Jesaja 46:11: "Neem dit ter harte, zondaars, verman je, kom tot inkeer! Denk terug aan alles wat eertijds is gebeurd. Ik ben God, er is geen ander, ik ben God, niemand is aan mij gelijk. Die in het begin al het einde aankondigde en lang tevoren wat nog gebeuren moest. Die zegt: ‘Wat ik besluit, wordt van kracht, en alles wat ik wil, breng ik ten uitvoer.’ "

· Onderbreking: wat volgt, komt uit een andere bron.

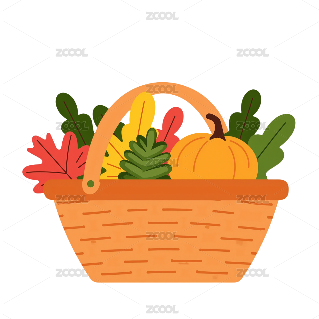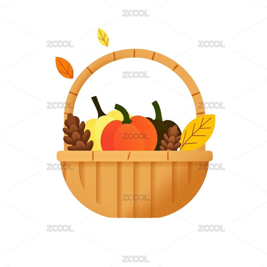 蔬菜茄子白菜胡萝卜辣椒香菇菜筐插画

Door het Joodse volk als zondaars aan te spreken, benadrukt God dat zij de afgoden die zij waren gaan dienen, moeten afzweren en weer naar Hem terug moeten keren. Het Joodse volk moet denken aan de dingen die God vroeger heeft aangekondigd en die ook werkelijkheid geworden zijn. Dit gegeven maakt God compleet anders dan alle afgoden. Gods volk mag de zekerheid kennen dat alles wat God tot hen spreekt werkelijkheid zal worden. Zijn besluit zal onder alle omstandigheden bekrachtigd worden en alles wat Hij wil, breng Hij ten uitvoer.

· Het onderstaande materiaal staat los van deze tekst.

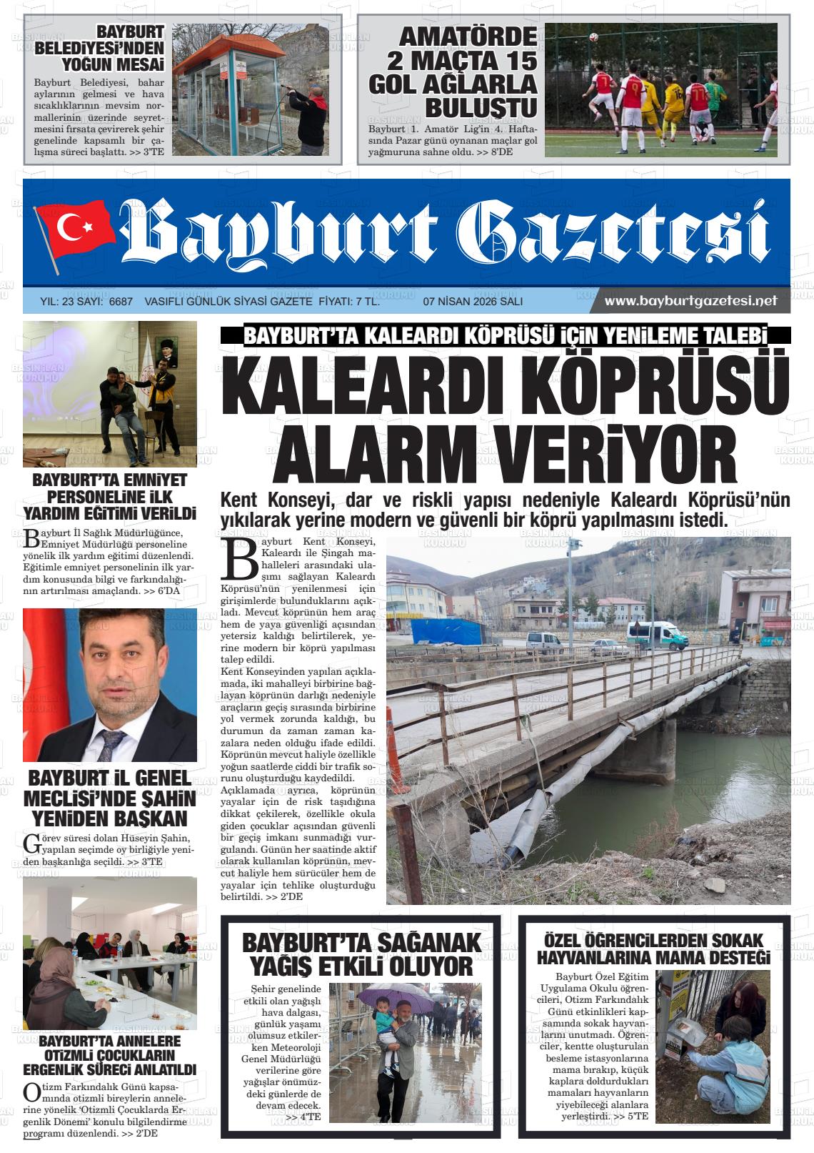 Bayburt Yerel Gazeteleri 07 Nisan 2026, Salı Günü Manşeti

De profetische woorden die wij, als stichting, van mensen ontvangen hebben en de persoonlijke dromen die we samen met God de Vader en Koning Jezus hebben opgebouwd, geven ons een prachtig doel om aan te werken en naar uit te zien. De eerste jaren gaven ze ook veel passie om de vervulling van deze woorden na te jagen, maar na een paar jaar zag ik minder van deze woorden en dromen vervuld zijn dan ik gehoopt had. Hierdoor ging ik de vervulling ervan nog harder najagen door zelf nog harder te werken. Op deze manier werd heel onbewust de vervulling van deze woorden en dromen belangrijker dan mijn gerichtheid op het Vaderhart van God de Vader en de regering van koning Jezus. Op deze manier kunnen profetische woorden en beelden ons zo in beslag nemen dat het afgoden worden. Dit gebeurt al helemaal als Satan deze woorden en dromen gaat gebruiken om ons aan te klagen en te ontmoedigen, door aan ons te vragen wat er mis met ons is, als deze woorden en dromen nog steeds geen werkelijkheid in ons leven geworden zijn.
Wij moeten nooit vergeten dat deze woorden en dromen van zichzelf geen leven of kracht hebben en daardoor zware lasten voor ons worden wanneer wij die vanuit eigen kracht proberen te realiseren. Toen ik de tekst uit Jesaja las, zei God tegen me dat ik niet verder in deze valkuil moest wegzakken dan ik onbewust al gedaan had. Hij riep me op om op Hem te blijven vertrouwen. Want alle woorden en beelden die we ontvangen hadden, wat Hij besloten had, zal van kracht worden, en alles wat Hij in deze woorden en beelden wil, zal Hij ten uitvoer brengen. Ik besloot mij te bekeren door de stichting opnieuw aan God de Vader en Koning Jezus te geven, uit te zien hoe Zij ons gaan gebruiken zodat Zijn besluiten met ons werk van kracht gaan worden en Zijn wil met de stichting ten uitvoer zal komen. Hierdoor ontving mijn hart nieuwe hoop en nieuwe vrede, waardoor ik bekrachtigd met een nieuw jaar van start kon gaan. Want ons profeteren en onze dromen zijn onvolmaakt, maar het hart van God de Vader en Koning Jezus zijn dit niet. Daarom zijn Zij het waard om door ons na gejaagd te worden.